Behavioral assessments
Sensation seeking was assessed using the Brief Sensation Seeking Scale (BSSS).42 It is an eight-item, self-report measure, in which respondents rate their agreement to each item on a 4-point scale (1=disagree strongly, 4=agree strongly). Higher scores indicate higher levels of sensation seeking. Participants’ severity of nicotine dependence was assessed by the Fagerstrom Test of Nicotine Dependence (FTND).43 This is a six-item, self-report measure with a range of 0–10, with higher scores reflecting greater nicotine dependence. Both BSSS and FTND have shown good test–retest reliability.42,44 Urine cotinine levels were measured using the HPLC tandem mass spectrometry system (Agilent Technologies) with a limit of detection of 2 ng/mL.6,41
Procedure
The study was comprised of phone screening, baseline assessment, a video+fMRI session, and a follow-up session 1 month later. At the baseline session, participants were evaluated for eligibility, demographics, and handedness.45 One hour before the fMRI session, participants provided urine samples for baseline cotinine levels, reported the average number of cigarettes smoked per day in the past 30 days (CPD), and completed the BSSS and FTND. After assessments and 30–45 mins before the beginning of the fMRI session, participants were given an opportunity to smoke one of their own cigarettes outdoors under observation. All participants took the opportunity to smoke. Before the video task began, participants were instructed to attend to the videos. At the follow-up session approximately 30 days later (mean±SE=33.06±1.81 d), the CPD and FTND scores were recorded, the video engagement test was completed, and the repeat urine samples for cotinine levels were obtained. Of the 66 participants who completed the fMRI session, all completed the baseline FTND and CPD, 65 completed the BSSS, 62 completed the baseline assessment of urine cotinine, 50 completed the follow-up CPD, 56 completed the follow-up FTND, and 51 completed the follow-up assessment of urine cotinine.
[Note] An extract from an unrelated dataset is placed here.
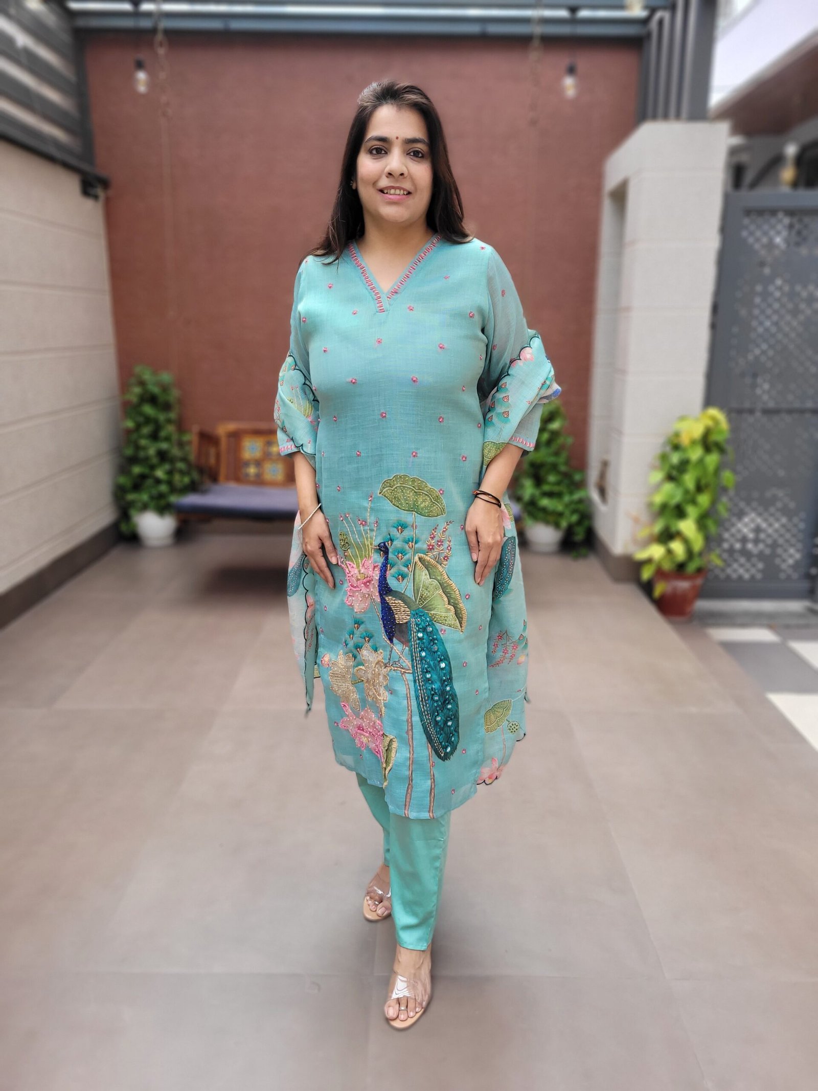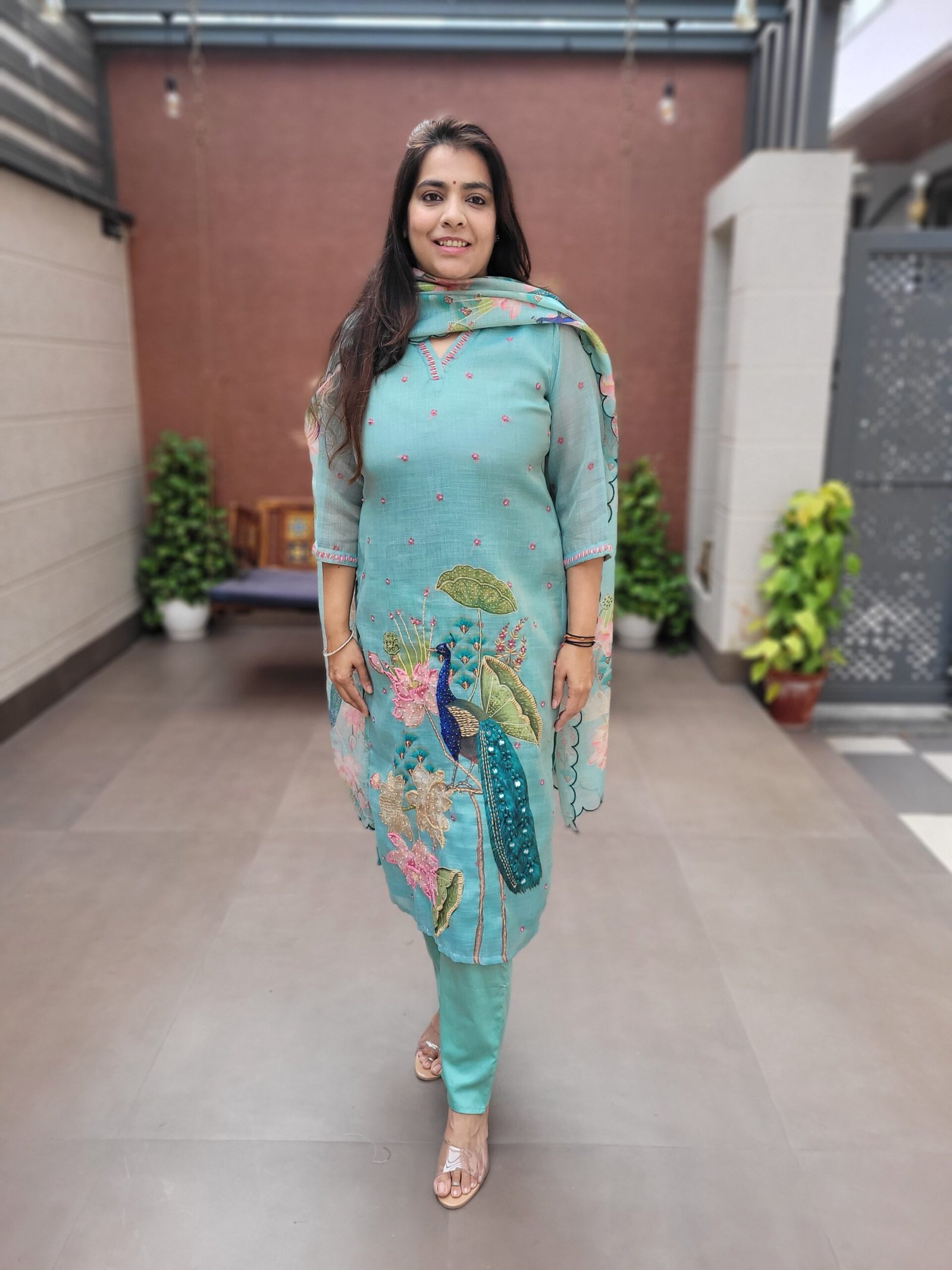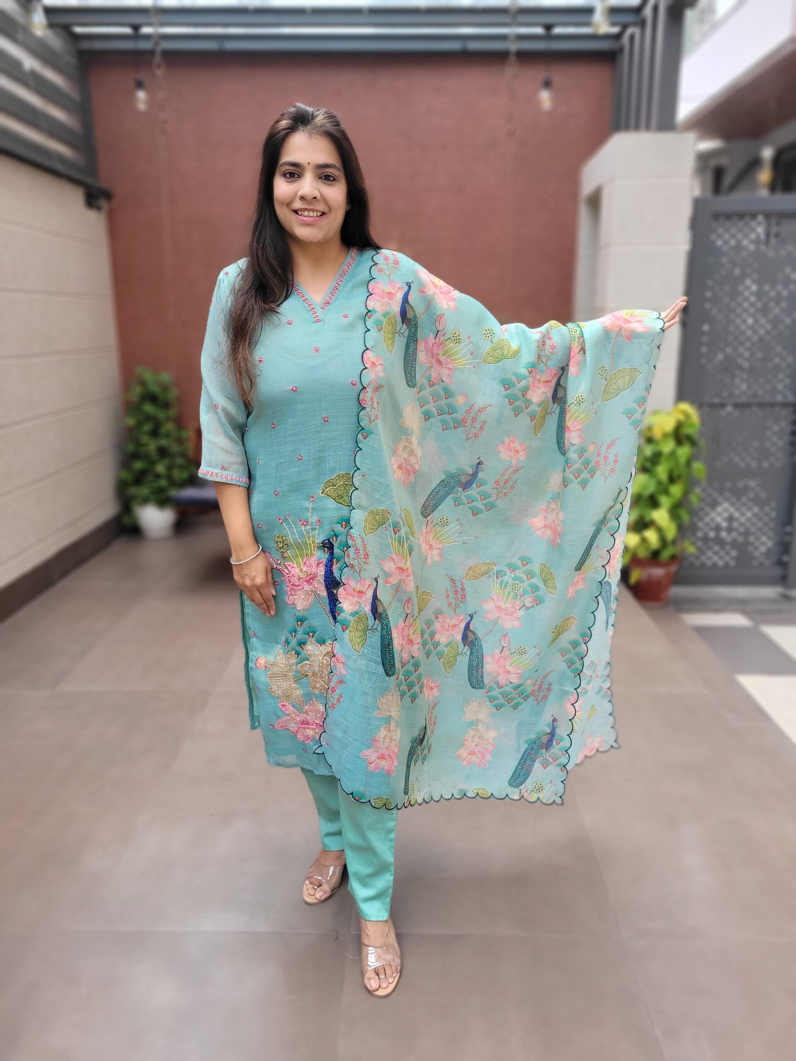 The soothing Mint and Pista shades elevate the overall look, making this set timeless and versatile for ethnic wardrobes.

fMRI data acquisition and processing
MRI imaging was performed using Siemens Tim Trio 3T (Erlangen) system and a 32-channel receive-only head coil. Blood oxygenation level-dependent (BOLD) fMRI was performed, using a whole-brain, single-shot gradient-echo echo-planar sequence with the following parameters: TR/TE=2000/30 ms, FOV=220 mm, matrix=64×64, slice thickness/gap=3.4/0 mm, 32 slices, effective voxel resolution of 3.4×3.4×3.4 mm3. fMRI is a non-invasive technique that has been widely used to investigate brain function. By measuring changes in the blood oxygenation level in the brain, BOLD fMRI allows detection of regional hemodynamic responses as a result of neural activities.46 After BOLD fMRI, 5 mins MPRAGE T1-weighted images were acquired as high-resolution structural/anatomical images with the following parameters: TR/TE=1630/3.87 ms, FOV=250 mm, matrix=256×192, effective voxel resolution of 1×1×1 mm3. An oblique acquisition, oriented along the anterior commissure–posterior commissure line allowed coverage of the entire brain with the exception of the lower cerebellum.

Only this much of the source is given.